Kurdish forces free oil workers in Kirkuk

Iraqi Kurdish forces Sunday found and freed workers who had gone missing a day earlier when ISISinsurgents seized a small crude oil station near the northern city of Kirkuk, the provincial governor and a local councilman said.

The development came as ISIS militants press ahead with their offensive in the Kirkuk area after suffering last week a setback in Syria, when they withdrew from the town of Ain al-Arab on the Turkish border.

The Kurds retook the crude oil separation unit in Khabbaz Saturday evening but had been unable to immediately determine the fate of the employees, whom they found in an underground room.

“All of them were rescued and they are all safe,” Kirkuk Governor Najmaldin Karim told Reuters by phone, denying reports that some of the workers had been taken hostage.

Earlier reports said 15 workers had gone missing, but provincial councilman Ali Mehdi said the number could be as high as 25. Mehdi confirmed that the workers had all been freed.

One senior Kurdish commander was killed in Saturday’s attack, the most serious assault on Kirkuk since the summer.

ISIS militants seized at least four small oil fields when they overran large areas of northern Iraq last summer and began selling crude oil and gasoline.

Khabbaz is a small oil field 20 kilometers southwest of Kirkuk with a maximum production capacity of 15,000 barrels per day.
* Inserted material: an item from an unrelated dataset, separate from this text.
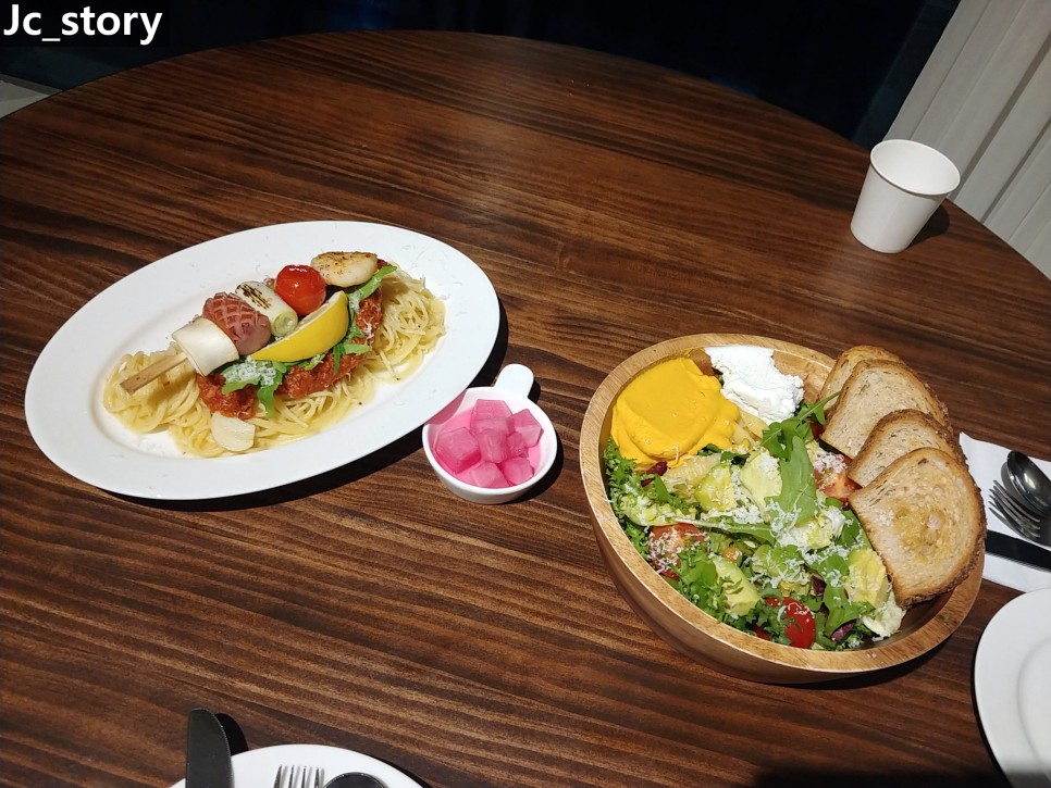 제주 퓨레 샐러드와 모에뜨 토마토파스타로 주문하였습니다.

It was producing around 10,000 bpd before the attack.

The U.S. and its allies have carried out 26 airstrikes in Iraq and eight in Syria since Saturday in continued attacks on ISIS targets, the U.S. military said.

The bulk of the strikes were near Kirkuk, while in Syria most of the strikes were near Ain al-Arab, said a statement by the U.S. Combined Joint Task Force.
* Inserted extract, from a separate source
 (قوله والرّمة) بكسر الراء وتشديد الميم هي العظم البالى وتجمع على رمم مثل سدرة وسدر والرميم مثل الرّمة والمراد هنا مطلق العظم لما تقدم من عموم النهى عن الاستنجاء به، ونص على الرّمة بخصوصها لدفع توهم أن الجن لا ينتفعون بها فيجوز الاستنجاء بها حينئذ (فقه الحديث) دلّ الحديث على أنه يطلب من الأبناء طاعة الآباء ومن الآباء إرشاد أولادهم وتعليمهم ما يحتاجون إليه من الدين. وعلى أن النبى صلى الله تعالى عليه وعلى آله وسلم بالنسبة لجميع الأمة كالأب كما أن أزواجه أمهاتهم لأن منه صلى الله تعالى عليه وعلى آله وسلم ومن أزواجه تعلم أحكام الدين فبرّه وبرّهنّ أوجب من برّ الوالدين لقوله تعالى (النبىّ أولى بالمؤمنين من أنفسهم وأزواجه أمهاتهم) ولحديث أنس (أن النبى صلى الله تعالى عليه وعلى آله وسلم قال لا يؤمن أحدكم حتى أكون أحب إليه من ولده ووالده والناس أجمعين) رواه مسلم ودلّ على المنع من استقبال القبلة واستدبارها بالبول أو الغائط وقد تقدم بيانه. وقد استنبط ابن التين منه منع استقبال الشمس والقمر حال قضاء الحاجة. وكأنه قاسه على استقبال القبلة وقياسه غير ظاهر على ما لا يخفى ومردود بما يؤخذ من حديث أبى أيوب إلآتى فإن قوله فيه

Separately, ISIS beheaded an Iraqi police officer and a soldier, the latest in a long series of atrocities committed by the jihadis, according to pictures posted online Sunday.
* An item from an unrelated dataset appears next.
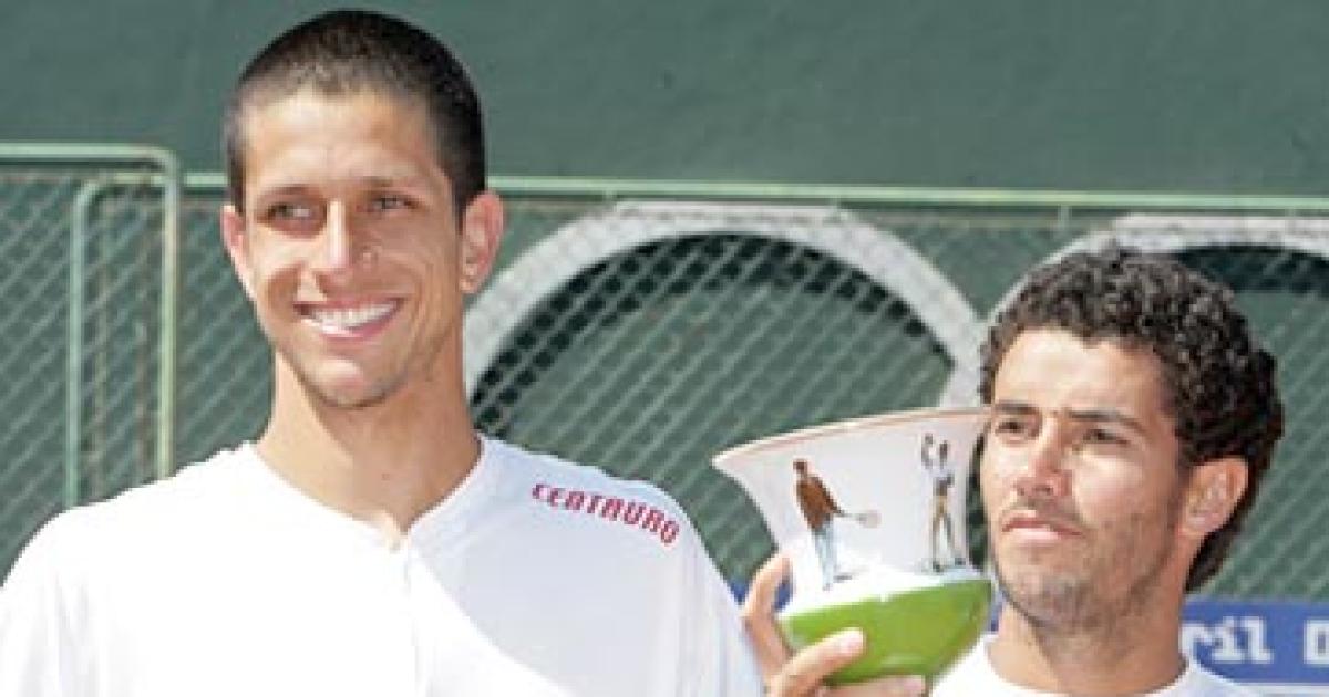 Image: Marcelo Melo and Andre Sa of Brasil display their trophies after winning the final against Martin Garcia and Sebastian Prieto of Argentina, at the Estoril Open in Lisbon on May 6, 2007.

In one photo, a blindfolded man said to be a police lieutenant colonel kneels in a street in front of a row of gunmen.

A masked militant is then shown beheading the victim with a machete, after which his severed head is placed atop his body and the machete driven into his back.

Another photo shows an overweight masked militant apparently struggling to behead a man identified as a captured Iraqi soldier.

The authenticity of the photos could not be independently confirmed.